Mel sipped her coffee and avoided Sarah’s eyes. ‘I don’t suppose he’ll be there, but if he is at least he won’t be a dinosaur. He wasn’t much older than us, not really. If you think, we were what, sixteen, when he arrived? It must have been our O-level year. He can’t have been more than twenty-three.’

‘You’re right, that’s barely any difference. Poor bastard, newly qualified, far too good-looking and thrown in to face being adored by seven hundred adolescent girls. He liked you, Mel, I remember that. Did you and he ever . . .’

‘He gave me a lift home sometimes – it was only because he was going that way, no special reason.’

She’d lied a bit, because if she’d told the truth Sarah would ooh and aah and demand to know a) full details and b) why she’d kept it a secret from her very best friend for so long. She wasn’t sure herself – at the time it was because it was so delicious (and Neil had said essential) to keep it a secret, and since then . . . well, it had simply never come up. Till now.

Sarah sighed. ‘I remember he had a nice car, a red MG – we could hope for no greater sophistication back
then. Such a tragic waste – him, not the car. He could have given us all far more of an education than just teaching us about contour maps and the exports of Argentina. Do you think perhaps he was gay?’

‘Couldn’t tell you.’ (Almost true,
wouldn’t
was closer.) ‘He won’t be there though, I bet. He could be anywhere by now. He could be working at Roedean and still being adored.’

Sarah laughed. ‘No, he’ll be bald, paunchy and depressed about the State of Education Today. And he’ll have a saggy wife who’s not a bit like all that luscious teen crumpet that we were.’

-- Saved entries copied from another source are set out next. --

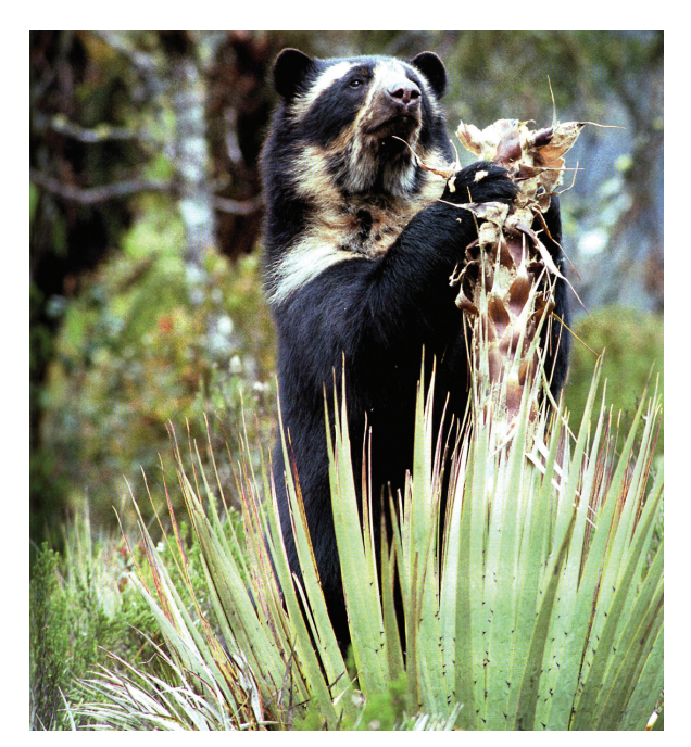
Fig. 4. An "oso frontino" (Andean bear) in the process of devouring a plant of Puya aristeguietae.

Distribution and ecology: Puya guaramacalana is known only from a small, approximately ½ ha population restricted to an exposed, rocky slope in the isolated Páramo El Pumar, which is in the south-western part of Guaramacal National Park in Trujillo State, Venezuela. This population (as well as the species) appears to be threatened by the "oso frontino" or Andean bear ( Tremarctos ornatus F.G. Cuvier 1825), which consumes the young leaf buds and flowering shoots. Anecdotal evidence (Ramón Caracas, pers. observ.) suggests that the bear's preferred food P. aristeguietae (Fig. 4, Goldstein 1999), which was once common within the Park, has been virtually eliminated by over feeding and as a consequence these herbivores have increased their pressure on P. guaramacalana . These observations suggest that P. guaramacalana is Critically Endangered (CR2b(v)) following IUCN criteria (IUCN 2001) because this new species has a limited range and the consumption of plants by bears will lead to a decline in the number of mature individuals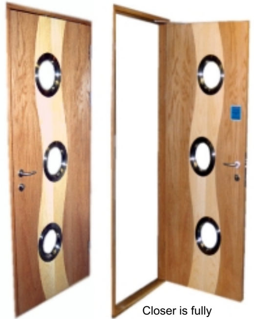
Closer is fully concealed in door

A 3 year guarantee with free replacement ex-works of any closer proved defective by reason either of faulty manufacture or defect in materials.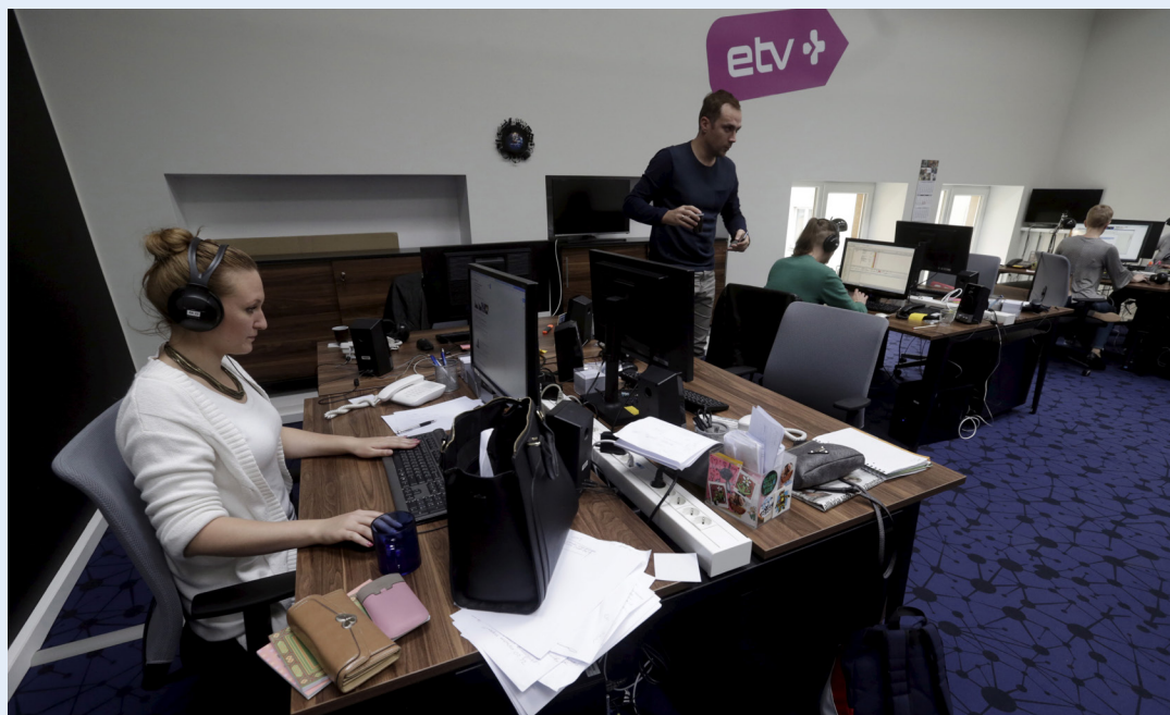
Journalists work in the editorial office of the Russian language television channel ETV+ in Tallinn, Estonia, in September 2015.

- Günter Bartsch, Netzwerk Recherche in Germany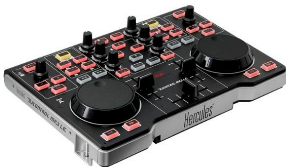
Fig. 1. Hercules DJControl MP3 LE (source: [23])

The second device, the proposed middleware was made to work with, is a MPK mini musical keyboard from Akai, allowing for input multiple keys, but also equipped with 8 knobs, presented in the Figure 2.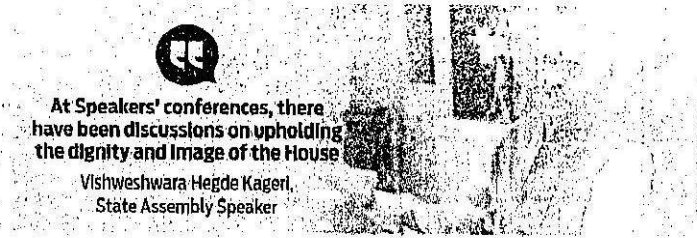
At Speakers' conferences, there have been discussions on upholding the dignity and image of the House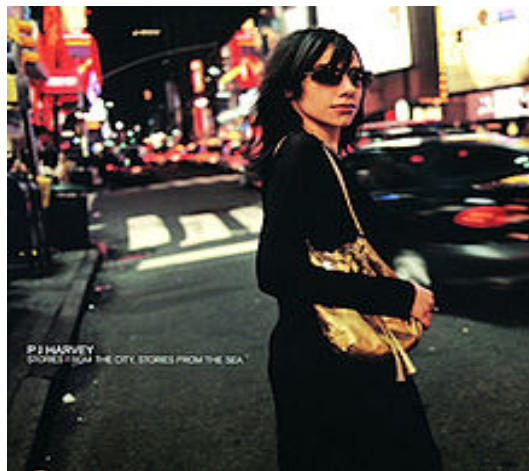
Figure 5 Stories from the City, Stories from the Sea Album Cover.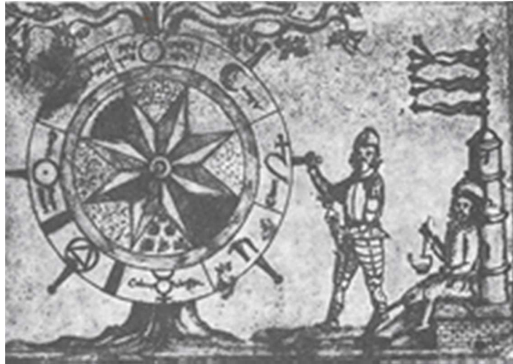
Fig. 3. The Rotation as key alchemical process: Mercurius activating the 8-ray wheel. From Speculum Veritatis , 17 th c. In Jung's Psych & Alch , Fig. 80.

Interestingly, the Rotation (and circumambulation) is also a key process in the alchemical Great Work, the crucial dynamics (guided by Hermes/Mercurius himself) in order to reach the stage of the Stone – the marriage Moon-Sun, or the fusion ego-Self (Fig. 3).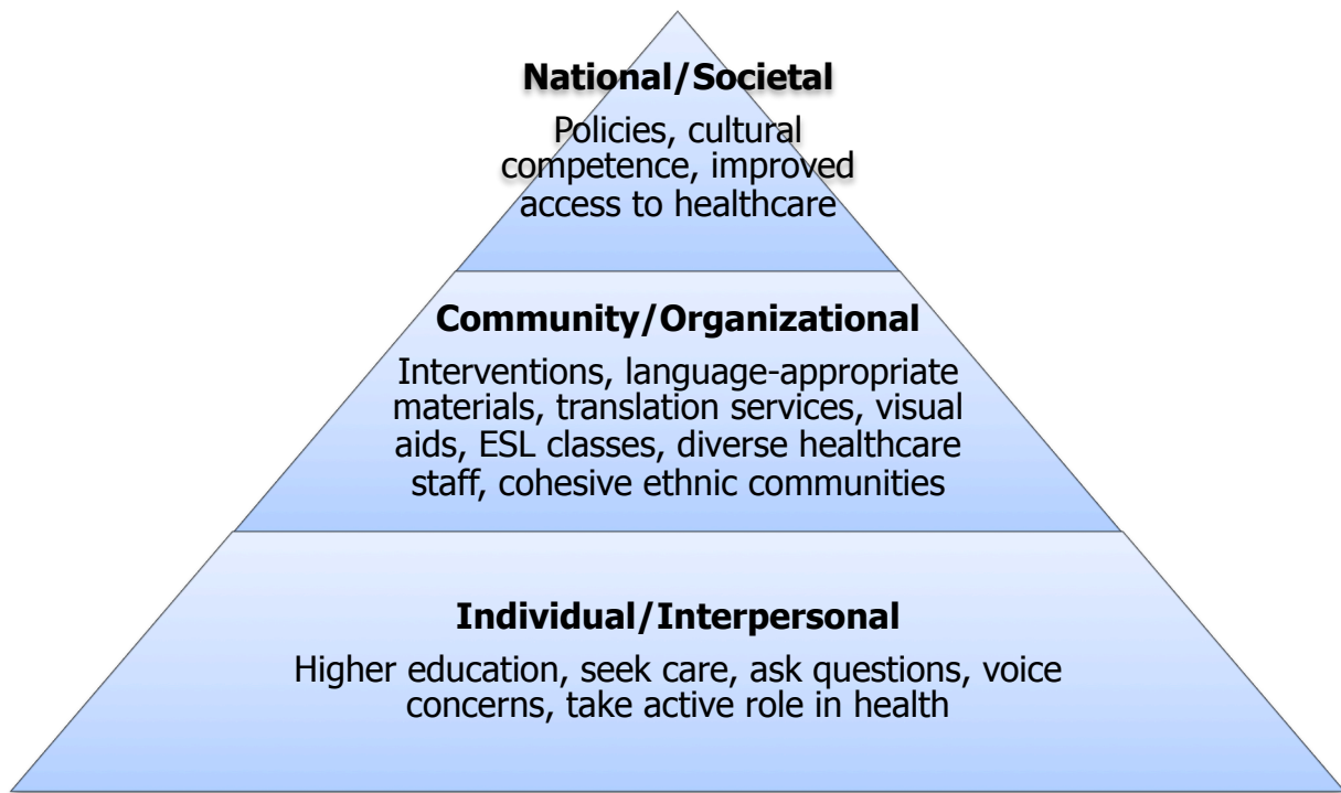
FIGURE 1: Social ecological model of interventions appropriate to LEP patients

‘What a terrible fate. Poor sod,’ Melanie sighed.

‘Yeah. Poor sod.’

The nice ginger sergeant was on the answerphone when Mel got home. ‘Your vehicle has been located in an undamaged condition,’ he said in that mechanical, stilted way, like police being interviewed on TV. Mel felt rather disappointed: she’d seen a cute little Audi in the car showroom round the corner and had been planning to call in and chat to the sales staff. She’d never bought an absolutely brand new car, one that smelled only of fresh, clean, unsullied upholstery. Every car she’d ever driven had carried beneath the over-lavish air freshener a history of the fast food and cigarettes and sweat and particles of life from the previous owner. Roger had been one of those people who (like her mother – again) considered the depreciation during a car’s first year was so enormous that it made far better sense to go for something which was – in his words – ‘slightly used’. An unfortunate, sordid little term, she thought now, reminding her of the time they’d spent the night in a bed and breakfast in Lyme
Regis, and she’d been more than suspicious that the sheets hadn’t been changed since the previous occupant. He was probably right though, boringly, sensibly right, she conceded, as she looked up the number of the police station in her Psion: a new car was surely a piece of wanton extravagance. Nice, though. It would have been fun to look through a brochure, to be offered options like leather seats (in pink? purple?), a sunroof, alloy wheels (whatever difference they made) and an unfathomable choice of in-car entertainment systems.